アデクさんもボクも本を好む性格じゃないから、30分資料を漁れたら良いくらいだ。

それで、1日の大半はアデクさんの心当たりである英雄『縁の地』って場所に行ってみたり、アーテルやゼクロムが話してくれた歴史をアデクさんに話したりしている。


結果は、何も無い。全く。嫌ってくらいに。




そんな中、ボクのライブキャスターから着信音が鳴り響いたのは、丁度アデクさんともう一度古代の城へ赴いた時だった。

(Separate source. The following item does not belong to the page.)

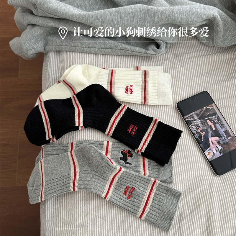 🐶 Stay cute and cozy with these Puppy Embroidered Socks! Perfect for autumn and winter, these cotton mid-length socks are trendy, soft, and totally adorable – the pawsitive choice for everyday outfits.

『フォリアッ! フォリアッ! フォリアッ! 聞こえてるッ!?』

通話を開始した途端、画面一杯にアララギ博士(娘の方)の顔が現れ、それに負けないような大声がスピーカーから飛び出してきた。

「アララギ博士…そんなに興奮してどうしたんですか?」

そんな博士の勢いに気圧されながらも、通話は続く。

『フォリアッ! 大変よ! マジ大変1000%よッ! どれくらい大変かっていうと、タブンネが廃人達に無双するくらいに大変なのよッ!』

「意味が半分以上分からないんで、落ち着いてくだ……」

『いい? 今すぐシッポウ博物館に来るのよ!? 今よ? 今だからね? 今すぐ来なさいッ!』

「命令形な上にフルシカト!? ちょ…アラ……!」



ブツ。


通話切られた。


「オーノーッ!」

【何故に横文字!?】

「こんな気持ちだったから」

ブリッツのツッコミに答えていると、アデクさんが小指を耳に突っ込んで唸り声を上げる。

「…アララギの娘め、ここまで声が聞こえておったぞ。
さて、シッポウ博物館に来るように言われたが、あの慌て振りから見ると、相当重要な事らしいな…」

「ですよね。あんなに興奮した博士は見た事が無いです」

「…よし、では早速シッポウシティへと向かうとするか」

「そうですね」






















シッポウシティまでは自転車で行く事にした。

以前、育て屋爺さん(祖父)に貰った超小型折り畳み式自転車があるのを思い出したので、それを使う事にしたのだ。

そうなると、アデクさんはどうやって移動するのかが心配になる。


しかし、そんなボクの心配は無用だった。